Transport available: Within reason, unless you know of people coming this way that are happy to transport for you. We have transport going to Cambridgeshire this Sat (7th Aug) and we are going to Essex on the Sunday (8th Aug) so can take them there.
Other: Although these babies are half wild rabbit, they are very friendly as they have been handled a lot from a young age. All happy and friendly little ones.

Girls

































Boys


----------



## Paws&Claws (Aug 29, 2009)

OMG! 
They are beautiful!!!! I cant believe they are half wild! x


----------



## AnnaT (Oct 13, 2009)

Paws&Claws said:


> OMG!
> They are beautiful!!!! I cant believe they are half wild! x


They really are lovely rabbits.
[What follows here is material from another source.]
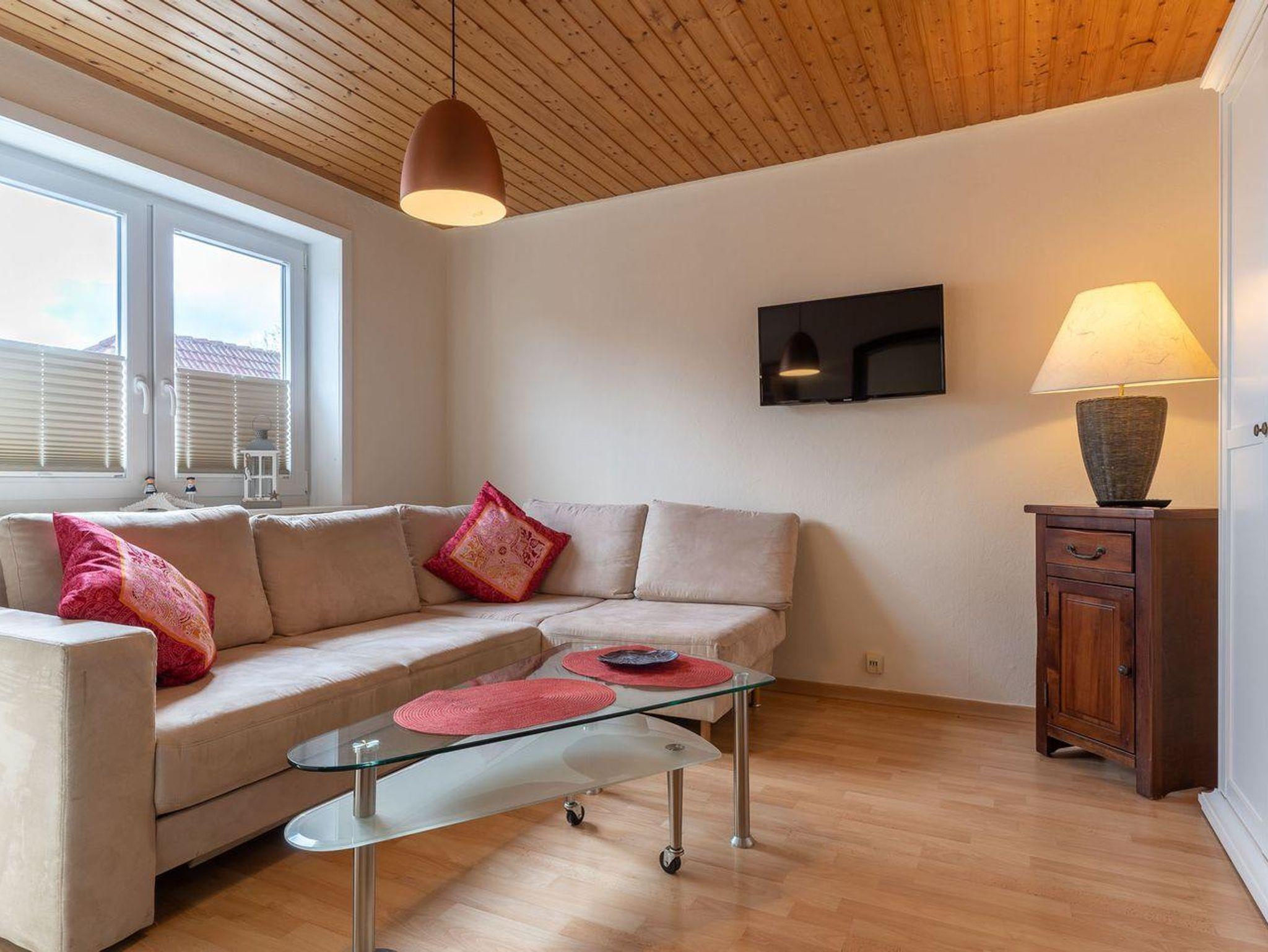 Das gemütliche Wohnzimmer lädt mit seinen bequemen Sofas und dem Flachbildfernseher zum Entspannen ein.

They have the cutest little faces


----------



## AnnaT (Oct 13, 2009)

Johnny and Cash are now reserved. The three girls are still looking. Would be lovely to see them go as a trio, but they can go as a pair or singles as long as they are to be paired with another rabbit. 
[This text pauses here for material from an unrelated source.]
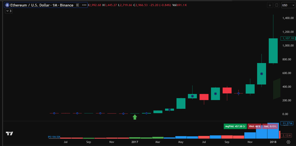 Ethereum launched in 2015, but its most significant growth phase emerged when it became the foundation for decentralized applications and token launches. Between 2017 and 2018, ETH experienced substantial expansion driven by increased network usage, developer adoption, and real-world applications rather than speculation alone.
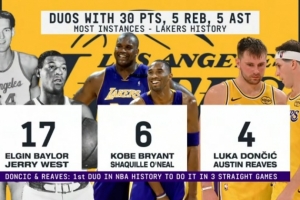 東契奇和里夫斯連續三場同場30+5+5 歷史首對隊友

There is still got time to put animals on the transport run! Transport going to the Essex/Cambs area as well as to Derby/Notts/Manc/Telford. However, this transport run is set for this weekend so get in touch asap!


----------



## AnnaT (Oct 13, 2009)

Johnny and Cash are now in their new home. Lets not keep the girls waiting for long! Can anyone offer these gorgeous girlies a forever home??


----------



## AnnaT (Oct 13, 2009)

The girls showing that they are just as lovely as their brothers! As said they can go as a trio, pair or singles as long as they are to be bonded with another bun 

Having a little cuddle <3


















Going on a little bunny adventure!









Look at those big feet!









These girls wont get very big at all!









Cute bunny anyone?


----------



## AnnaT (Oct 13, 2009)

We have transport going to Southampton and Portsmouth this Sunday (15th). Please get in contact if we have an animal in that you are interested in and support rescue!


----------



## AmyCruick (Jul 20, 2009)

Aw they are gorgeous!! Hope the girls find a home soon!


----------



## AnnaT (Oct 13, 2009)

AmyCruick said:


> Aw they are gorgeous!! Hope the girls find a home soon!


Still here 

We are still going to Southampton and Portsmouth this Sunday (15th). Please RING us if you are interested in any of our animals

020 8407 1080 or 0797 356 9371.


----------



## AnnaT (Oct 13, 2009)

One female was successfully bonded today so that leaves 2 baby girls still looking. Can anyone offer them a home?


----------



## crofty (May 2, 2008)

Oh so beautiful, i wish i could have more!!


----------



## AnnaT (Oct 13, 2009)

We have transport going to Weymouth on the 5th Sep and to Birmingham/East Yorkshire on the 12th Sep. If anyone can offer any of our animals a home in that area, please get in touch.


----------



## AnnaT (Oct 13, 2009)

These babies should not be in rescue. Can anyone offer my last 2 girls the home they deserve please?


----------



## AnnaT (Oct 13, 2009)

All of these rabbits have now found homes. Yippee


----------